至于公主府,晓晓忽然觉得,自己以前的想法很幼稚,即使自己帮了小白,又怎么会冒出让他封自己当公主的想法儿,以这点儿恩情相要挟,自己跟那些算计小白,想靠着裙带关系捞好处的大臣有什么区别。
想到此,晓晓摇摇头:“小白,过去我说过什么你就别当真了,不过玩笑罢了,姐姐就是一个不折不扣的村姑,当不得公主。”
说着认真端详他半晌道:“小白你长大了,以前的种种苦难,能不能当成老天对你的试炼,孟子曰:“舜发于畎亩之中,傅说举于版筑之间,胶鬲举于鱼盐之中,管夷吾举于土,孙叔敖举于海,百里奚举于市。故天将降大任于是人也,必先苦其心志,劳其筋骨……身处逆境或许不都是坏事,往好的方面想,也许会发现那些苦难是登高的阶梯。

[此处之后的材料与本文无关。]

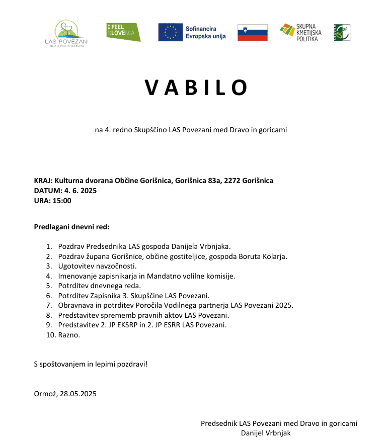 4. SKUPŠČINO LAS POVEZANI MED DRAVO IN GORICAMI, ki bo v Kulturni dvorani Občine Gorišnica, Gorišnica 83a, 2272 Gorišnica.

”
晓晓难得讲这样的大道理,事实上,她最讨厌的讲大道理,可她怕啊,怕小白会记恨夫子,会像朱锦堂说的那样儿,不死不休。
晓晓是觉着,或许在小白心里最不能释怀的,还是被慕容兰舟囚禁宫里的这几年,对于一个君王来说,这是毕生难忘的屈辱,所以,她苦口婆心搜肠刮肚的想了这些话来。
本来还以为小白会不耐烦听,不想他倒异常认真的听了,且听完了之后,笑道:“早听见人说女生外向,但凡女孩子嫁了人,就想着自己丈夫了,以前朕还不信,今儿瞧姐姐这般,倒不得不信了,姐姐说这些,不就是为了丞相吗,姐姐忧心什么,朕分得清轻重,若认真说,丞相该算朕的恩人,没有他说不准朕早没命了,不管他当初是什么目的,到底救了朕的命,朕又怎会恩将仇报,更何况,你那日说的对,丞相是朕的夫子呢,不说旁的只瞧朕的字,师徒之份想不认都不成,劝姐姐留在京城也是为着尽弟子之份。”
小白说这话的时候,含着浅笑,晓晓仔细瞧了他的眼,他的眸光坦荡真诚,晓晓终于松了口气:“你想明白就好,我是怕你钻牛角尖,记恨夫子,他虽有错,好在及时更正过来,借着姐姐之手教出了一个明君,也算将功折罪了。”
小白目光闪了闪道:“明君?姐姐如何知道朕就是明君了?”
晓晓笑道:“听夫子说的,他说这一个月你临朝听政,处理政事,颇有圣祖之风呢。”
圣祖?小白道:“倒要该多谢夫子教导了,只朕发现,当一个明君太累,倒不如当个昏君的好。”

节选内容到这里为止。